Integrity is a special thing to attain, and more importantly, hold onto over the course of your life.
Fred Rogers had loads of integrity. He could have bottled that stuff up and sold it for charity efforts. The man opened up his heart to anyone and everyone who would sit down and talk to him. It didn’t matter what you had done or been guilty of morally-he was your friend. He was everybody’s friend.
Marielle Heller (“Can You Ever Forgive Me?”) wisely carves out an impactful piece of Rogers’ life for her new film, “A Beautiful Day in the Neighborhood.” It was Rogers’ interview with Esquire journalist Tom Junod in 1998 that inspired the movie, which runs smoothly just under 110 minutes long. A meeting of polar opposites in Junod, named Lloyd Vogel here (Matthew Rhys), and Rogers (Tom Hanks) put forth the greatest test of the PBS kid’s show host’s power of compassion.
Vogel, a cynical soul with hardened issues involving an estranged father (the limitlessly talented Chris Cooper), didn’t believe in Rogers’ ways. He thought it was an act, a ploy to get viewers and make a bunch of money. A 400 word puff piece turned into something else when Rogers pulled his trademark move, turning a standard interview around, becoming an emotional tell-all of the person on the other side of the table.
This movie is so well done and insightful. All these years later and Rogers is still teaching us vital things, through Heller’s lens and Hanks’ words. The actor is arguably cinema’s greatest living actor, a guy who can handle comedy roles, lightly dramatic roles, and tackle the toughest and deepest of portrayals.
Think about it for a minute. He’s played a mentally impaired war hero, an astronaut, a homosexual attorney with AIDS who fights for his life, a mob hitman, embattled neighbor dealing with a bird issue, a ship Captain, a military captain, an insurance agent turned government spy hostage negotiator, and so much more. In close to 90 performances, Hanks has done it all, but here, he proves that a surprise or two is still in order.
Thankfully, he doesn’t use loads of makeup or prosthetic to play Rogers, just an outfit and haircut. Pros like Hanks don’t need a lot of help to slip into the skin of a character, real or not. He nails the voice, movements, and overall sincerity Rogers offered, and he never wavers. Calling Hanks Oscar-worthy is like saying a sandwich requires bread to be whole.
Rhys, though, is the real standout here. Vogel isn’t an easy nut to crack, and you needed an actor to not go so hard so early in the role. Rhys is a patient performer, slowly uncoiling all of Lloyd’s rage towards his father and in the vicinity of any cheery soul that comes within a few miles of his presence. The man has played several reporter-types in his time on screen, but Vogel allows him to be a writer with a background that expands as the movie grows old.
Cooper gives a rich and layered performance in a supporting role, showing a father sprinting internally to make up for lost time, but finding the desire empty from the other side.
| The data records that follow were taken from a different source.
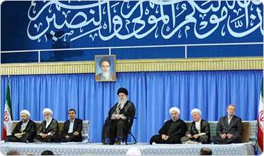 رهبر انقلاب اسلامی با درخواست از همه جریانهای گوناگون سیاسی و شخصیتها و عناصر متنفذ برای کمک به آقای روحانی و دولت وی تأکید کردند: امیدواریم رئیس جمهور وظایف سنگین خود را به خوبی انجام دهد و توقعات مردم را به بهترین وجه برآورده سازد.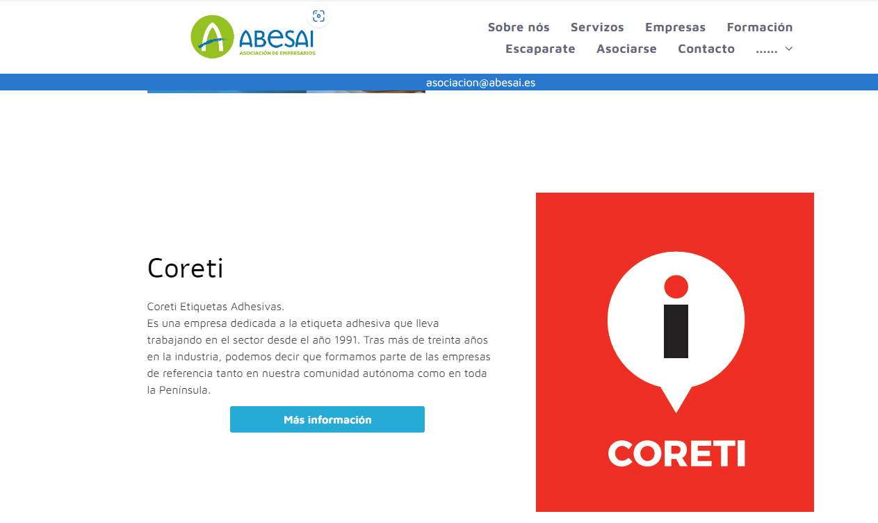 Gracias a la Asociación de Empresarios de Bergondo todas las empresas y usuarios de nuestro entorno pueden contactarnos y localizarnos a través del escaparate que han puesto en marcha en su página web. Allí podrán encontrar toda la información sobre Coreti y sobre nuestro trabajo.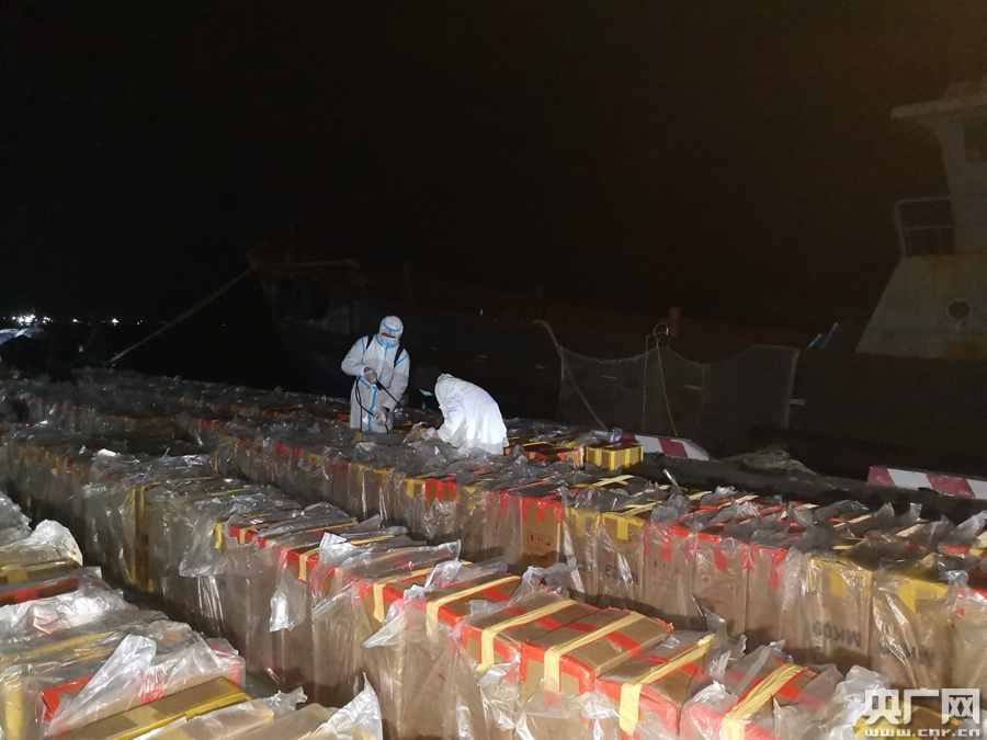 查獲的嫌疑船只與走私香煙(央廣網發 通訊員供圖)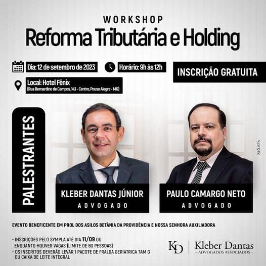O workshop será apresentado pelo advogado empresarial Kleber Dantas Júnior e pelo advogado tributarista Paulo Camargo Neto, que irão compartilhar conhecimentos valiosos e insights estratégicos, visando um planejamento sucessório. Serão abordadas as tendências na legislação tributária, a reforma em tramitação no Congresso e os benefícios oferecidos pelas holdings.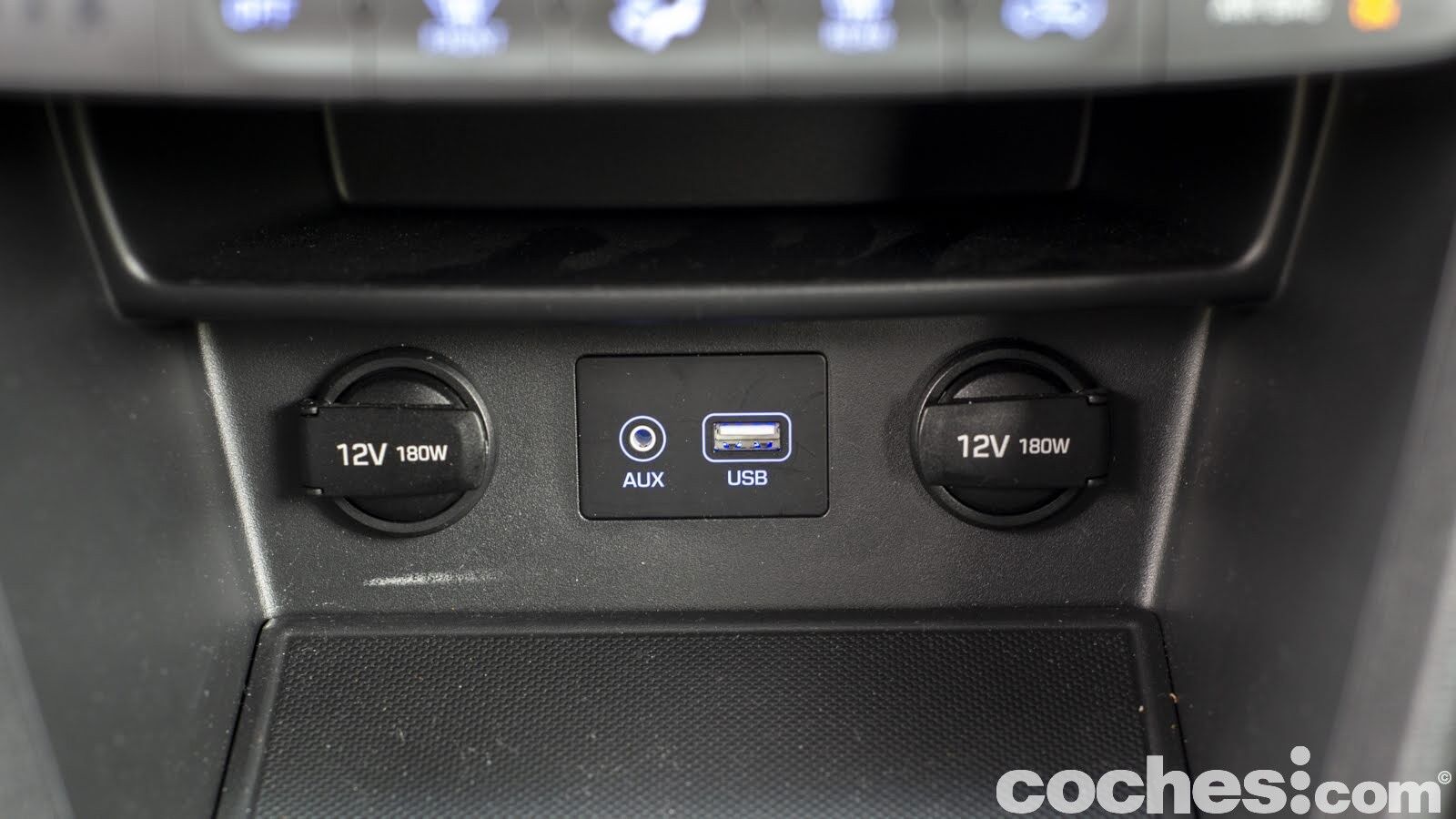 El sistema de climatización queda a mano y se compone de dos ruletas laterales y un pequeño display entre ellas, en nuestra unidad de prueba era monozona. Debajo del todo se sitúan los sistemas de conectividad tipo USB, AUX y dos salidas de 12 voltios. En acabados superiores, la bandeja para situar objetos cuenta con el sistema de carga por inducción compatible con smartphones de última generación.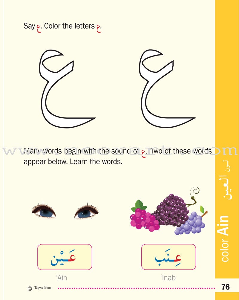 This colorful workbook is designed to introduce Arabic alphabet to kindergarten students. Simple easy-to-follow dotted fonts with arrow indicators are designed to help students learn how to write the letters. Familiar Arabic words associated with the letters are included to jump start learning.

Susan Kelechi Watson (Beth on NBC’s “This Is Us”) is very good as Lloyd’s embattled wife, dealing with an infant child as well as an overgrown one.
Micah Fitzerman-Blue and Noah Harpster’s (who co-stars in the film) script is sharp, taking some liberties in the true story that inspires the film without entering melodramatic waters. They don’t forget to let the actor’s, history, and the environment play a part in the tale. A scene in a restaurant where Rogers asks Vogel to take 60 seconds to reflect is just as powerful as a train full of strangers serenading Rogers with his own song.
Heller makes some provocative choices in her direction, including the use of Rogers’ old sets as the city skylines. Instead of a wide shot of New York or Pittsburgh, you get the old fashioned toy-enabled look of something you’d see on the old PBS show instead, and it works. The goal of the film is to using Rogers’ devices to heal Vogel’s pain, and that’s an all-encompassing mission.
Is the film a little predictive? Sure, but that doesn’t lessen the impact. All films don’t have to be mystery-driven ballads about greedy families stabbing and poisoning each other for millions. No offense, Rian Johnson. Some film just need to make us feel something nostalgic while reinforcing an old lesson about compassion for strangers.
Many years later, Rogers is still showing us what life is, and should be, all about. Helping others, promoting goodness, and never passing up a chance to make someone smile. Try naming someone who has a bigger impact on so many generations.
In an isolated story, Heller, Hanks, and Rhys never forget about that effect and champion it so bright that it affects many lives in the process of the film.
The cinematography is solid without being exceptional, but the production design, specifically the show sets, are very well done. The score is patient and doesn’t overwhelm.
I’d recommend this movie to just about anyone. All of us need a film like this, an important reminder of what we are doing here and what the goal should.
Hanks soars, Rhys breaks out, and Heller proves that she’s one of cinema’s directors to watch.